What you have to do:
Below, find the line containing "異様な高値に沸く株式市場では" and the line containing "Abito DORIS S"; reproduce exactly those two and every line between them, omitting pictures.

The records:
────

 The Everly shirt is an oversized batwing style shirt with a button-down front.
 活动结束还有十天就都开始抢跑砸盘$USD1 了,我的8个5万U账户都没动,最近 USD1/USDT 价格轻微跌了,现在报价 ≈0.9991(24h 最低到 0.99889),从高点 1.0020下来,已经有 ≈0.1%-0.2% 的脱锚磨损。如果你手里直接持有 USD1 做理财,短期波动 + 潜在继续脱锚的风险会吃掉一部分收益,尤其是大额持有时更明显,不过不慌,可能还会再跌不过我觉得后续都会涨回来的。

────

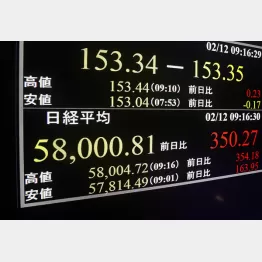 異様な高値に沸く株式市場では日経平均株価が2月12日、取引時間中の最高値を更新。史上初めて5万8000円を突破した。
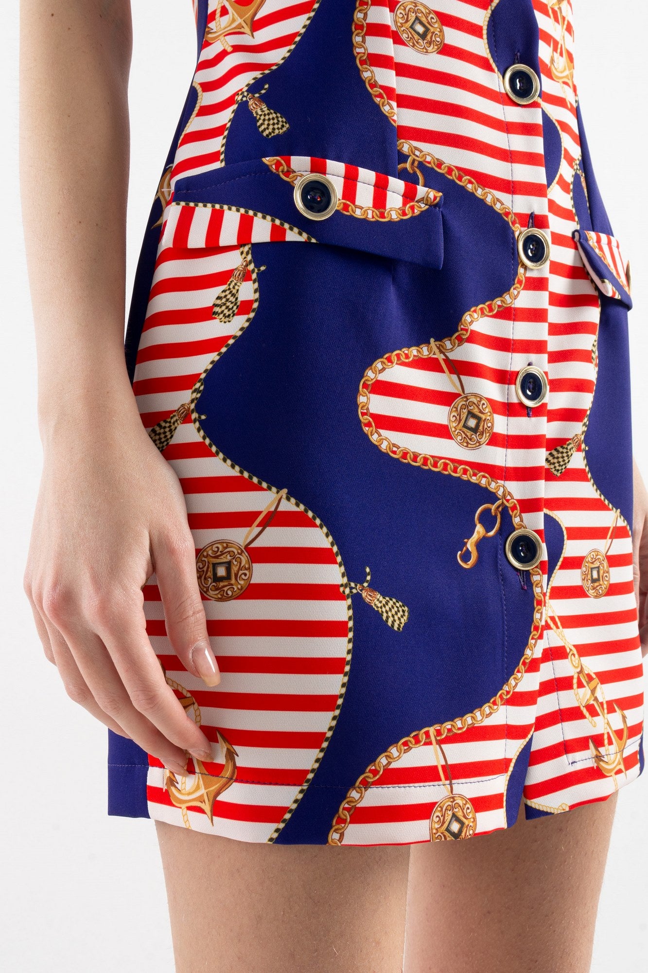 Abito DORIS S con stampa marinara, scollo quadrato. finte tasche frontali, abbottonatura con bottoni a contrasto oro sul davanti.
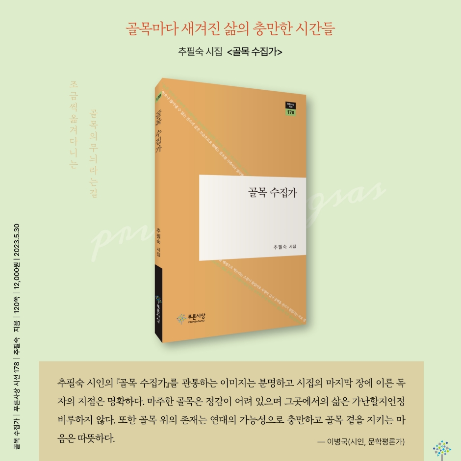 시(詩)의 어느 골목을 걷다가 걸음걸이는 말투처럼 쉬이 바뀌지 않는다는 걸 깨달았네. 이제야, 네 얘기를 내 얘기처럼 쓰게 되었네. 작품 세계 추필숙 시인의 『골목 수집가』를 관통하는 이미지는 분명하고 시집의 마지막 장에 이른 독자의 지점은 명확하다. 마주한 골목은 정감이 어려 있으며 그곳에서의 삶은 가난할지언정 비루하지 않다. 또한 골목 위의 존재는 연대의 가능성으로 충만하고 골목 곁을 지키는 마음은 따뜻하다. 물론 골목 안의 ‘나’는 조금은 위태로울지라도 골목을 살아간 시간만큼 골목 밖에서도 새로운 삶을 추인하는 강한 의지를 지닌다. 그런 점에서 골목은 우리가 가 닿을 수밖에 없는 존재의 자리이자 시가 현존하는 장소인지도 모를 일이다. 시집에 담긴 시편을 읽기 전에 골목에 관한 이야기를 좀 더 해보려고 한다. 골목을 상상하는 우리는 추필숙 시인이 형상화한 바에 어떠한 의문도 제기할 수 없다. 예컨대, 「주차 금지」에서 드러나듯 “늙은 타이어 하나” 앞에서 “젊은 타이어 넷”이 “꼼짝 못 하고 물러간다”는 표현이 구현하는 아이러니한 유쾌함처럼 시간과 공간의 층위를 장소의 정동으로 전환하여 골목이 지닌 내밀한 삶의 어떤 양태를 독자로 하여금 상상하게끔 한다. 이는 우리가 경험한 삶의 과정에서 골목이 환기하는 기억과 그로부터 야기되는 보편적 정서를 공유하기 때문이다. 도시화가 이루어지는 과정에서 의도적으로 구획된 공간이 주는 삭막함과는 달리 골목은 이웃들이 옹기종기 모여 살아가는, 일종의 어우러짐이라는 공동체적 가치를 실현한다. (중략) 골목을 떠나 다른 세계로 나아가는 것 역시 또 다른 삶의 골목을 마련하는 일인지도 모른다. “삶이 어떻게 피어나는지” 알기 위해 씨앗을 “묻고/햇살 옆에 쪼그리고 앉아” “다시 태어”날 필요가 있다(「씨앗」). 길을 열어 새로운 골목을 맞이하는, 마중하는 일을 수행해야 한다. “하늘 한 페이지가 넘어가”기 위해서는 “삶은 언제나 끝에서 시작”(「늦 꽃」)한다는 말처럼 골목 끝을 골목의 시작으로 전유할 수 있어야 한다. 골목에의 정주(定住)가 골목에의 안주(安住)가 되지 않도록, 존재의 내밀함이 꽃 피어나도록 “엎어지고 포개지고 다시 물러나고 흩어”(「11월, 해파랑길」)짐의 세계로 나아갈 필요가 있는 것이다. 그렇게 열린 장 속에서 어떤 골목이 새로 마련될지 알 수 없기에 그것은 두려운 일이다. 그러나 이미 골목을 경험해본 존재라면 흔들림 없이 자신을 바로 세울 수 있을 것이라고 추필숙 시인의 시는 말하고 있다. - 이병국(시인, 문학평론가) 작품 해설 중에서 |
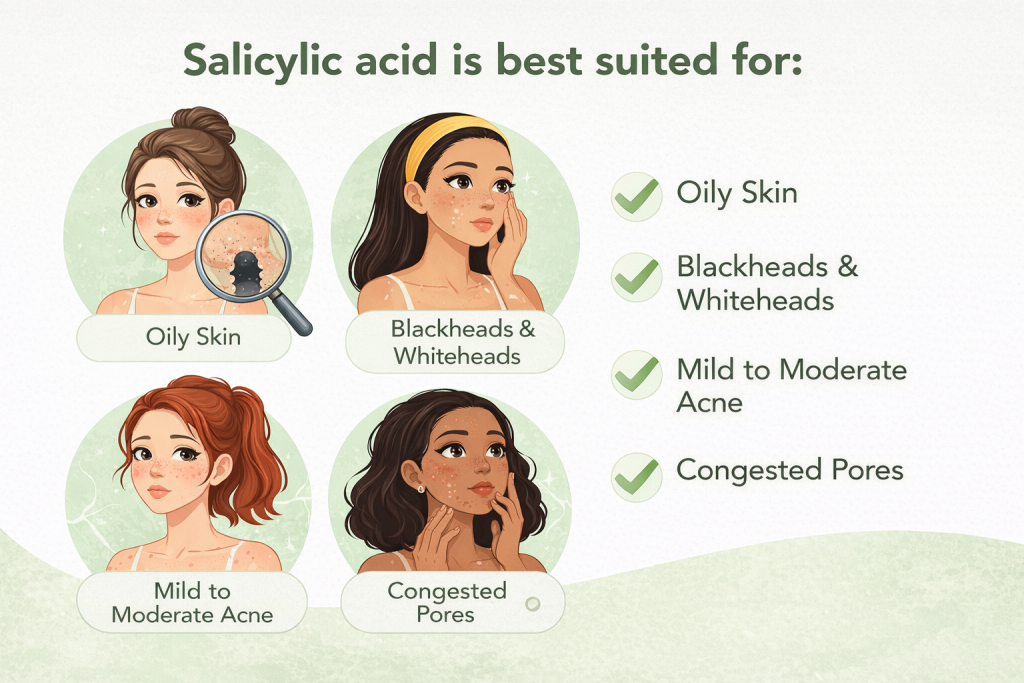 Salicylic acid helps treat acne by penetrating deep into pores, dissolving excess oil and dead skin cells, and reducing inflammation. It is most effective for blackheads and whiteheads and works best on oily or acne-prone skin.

────

Completed task:
 異様な高値に沸く株式市場では日経平均株価が2月12日、取引時間中の最高値を更新。史上初めて5万8000円を突破した。
 Abito DORIS S con stampa marinara, scollo quadrato. finte tasche frontali, abbottonatura con bottoni a contrasto oro sul davanti.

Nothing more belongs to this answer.